1. series and sequences

prospectors are drilling for oil. The cost of drilling to a depth of 50m is £500. To drill a further 50m costs £640 and, hence, the total cost of drilling to a depth of 100m is £1140. Each subsequent extra depth of 50m costs £140 more to drill than the previous 50m.
the total sum of money available for drilling is £76000. Find, to the nearest 50m, the freatest depth that can be drilled.
a=500 d=140 i'm not sure what n=....

2. Hello, girlpower1991!

Prospectors are drilling for oil.
The cost of drilling to a depth of 50m is $500. To drill a further 50m costs$640
and, hence, the total cost of drilling to a depth of 100m is $1140. Each subsequent extra depth of 50m costs$140 more to drill than the previous 50m.
The total sum of money available for drilling is \$76,000.
Find, to the nearest 50m, the greatest depth that can be drilled.
I had to baby-talk mny way through it . . .

$\begin{array}{cccc}\text{Level} & \text{Cost per level} & \text{Total cost} \\ \hline 1 & 500 \\ & & 500 \\ 2 & 640 \\ & & 1140 \\ 3 & 780 \\ & & 1920 \\ 4 & 920 \\ & & 2840 \end{array}$
. . $\begin{array}{ccccc} 5 & \qquad\;\; 1060 \\ & & \qquad\quad\; 3900 \end{array}$

We have a Cost sequence: . $500, 1140, 1920, 2840, 3900, \hdots$

Take the difference of consecutive terms,
. . then take differences of the differences, etc.

$\begin{array}{cccccccccc} \text{Sequence} & 500 && 1140 && 1920 && 2840 && 3900 \\ \text{1st diff.} & & 640 & & 780 & & 920 & & 1060 \\ \text{2nd diff.} & & & 140 & & 140 & & 140 \end{array}$

The second differences are constant.
. . Hence, the function is of the second degree . . . a quadratic.
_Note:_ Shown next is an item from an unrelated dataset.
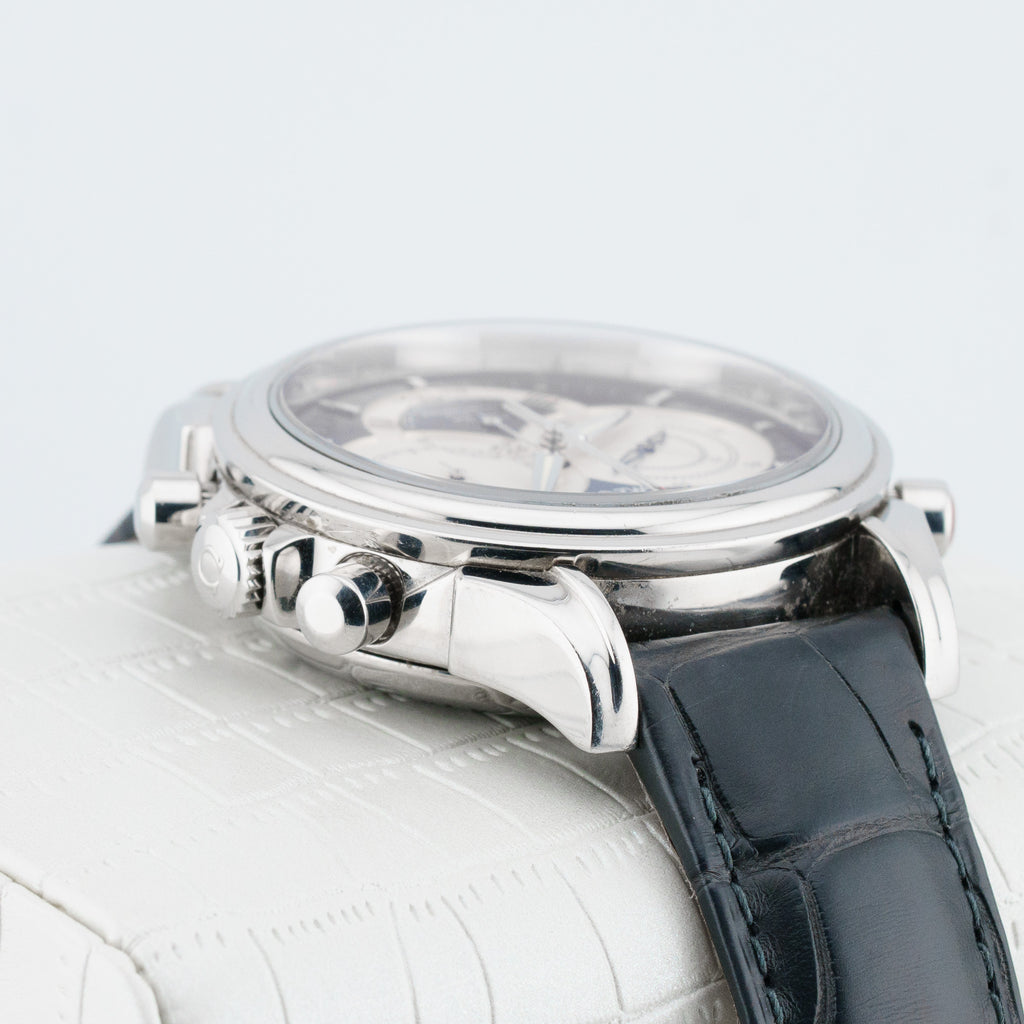 Description: The Omega DeVille Rattrapante 4847.50.31 is a stunning blend of sophistication and precision. Crafted with a stainless steel case and a 41mm diameter, this watch is a true statement piece. Its unique rattrapante function allows for split-second timing, making it perfect for both everyday wear and special occasions. The striking silver dial, paired with elegant detailing, adds a touch of luxury to any outfit. Whether you’re a watch enthusiast or simply looking to make a stylish impression, the Omega DeVille Rattrapante is the ideal accessory. Elevate your timepiece collection with this exquisite blend of form and function.
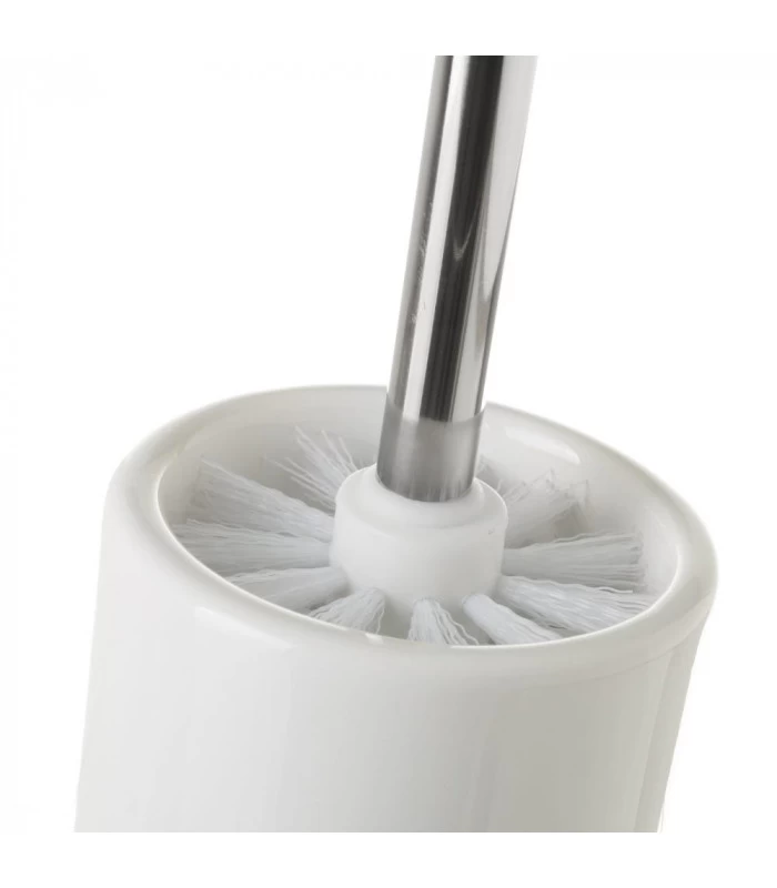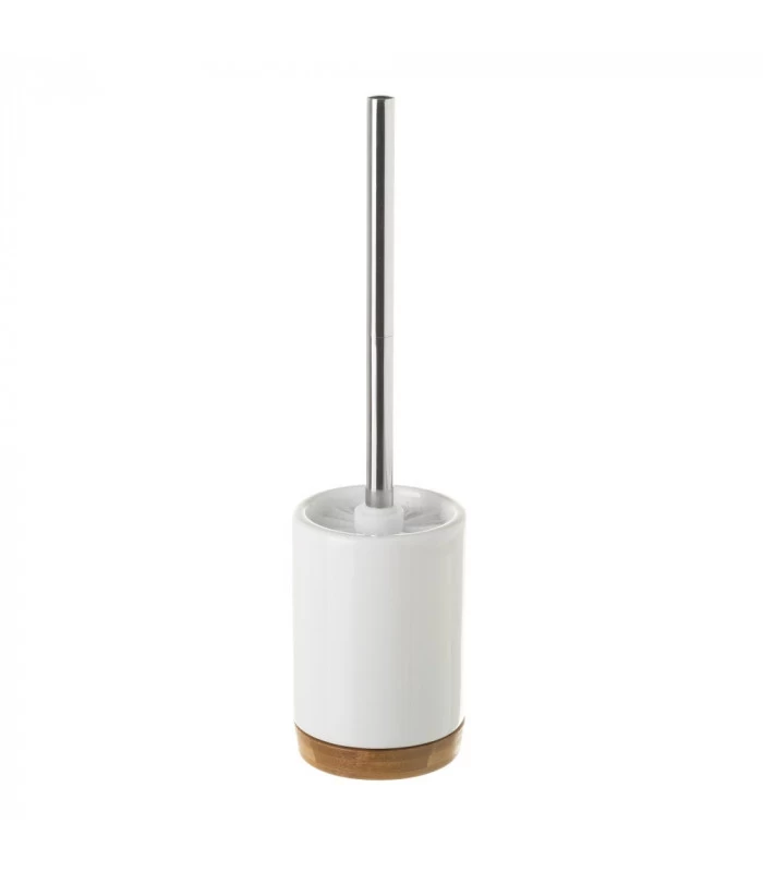 Brosse WC en céramique blanche et bambou.

The general quadratic function is: . $f(n) \;=\;an^2 + bn + c$

Plug in the first three values of the sequence:

. . $\begin{array}{ccccc} f(1) = 500\!: & a + b + c &=& 500 & [1] \\
f(2) = 1140\!: & 4a + 2b + c &=& 1140 & [2] \\
f(3) = 1920\!: & 9a + 3b + c &=& 1920 & [3] \end{array}$

$\begin{array}{ccccc}\text{Subtract [2] - [1]:} & 3a + b &=& 640 & [4] \\
\text{Subtract [3] - [2]:} & 5a + b &=& 780 & [5] \end{array}$

$\begin{array}{cccccccc}\text{Subtract [5] - [4]:} & 2a \:=\: 140 & \Rightarrow &\boxed{a \:=\:70}\end{array}$

$\begin{array}{ccccccc}\text{Substitute into [4]:} & 3(70) + b \:=\:640 & \Rightarrow &\boxed{b \:=\:430} \end{array}$

$\begin{array}{cccccc}\text{Substitute into [1]:} & 70 + 430 + c &=& 500 & \Rightarrow &\boxed{c \:=\:0} \end{array}$

Hence: . $\boxed{f(n) \;=\;70n^2 + 430n}$

We have: . $70n^2 + 430n \;=\;76,\!000 \quad\Rightarrow\quad 7n^2 + 43n - 7600 \;=\;0$

Quadratic Formula: . $n \;=\;\frac{-43\pm\sqrt{43^2 + 4(7)(7600)}}{14} \;=\;
\frac{-43 \pm\sqrt{214,649}}{14}$

The positive root is: . $n \;=\;30.02159122 \;\approx\;30$ levels

The greatest depth is: . $30 \times 50 \;=\;1500$ m.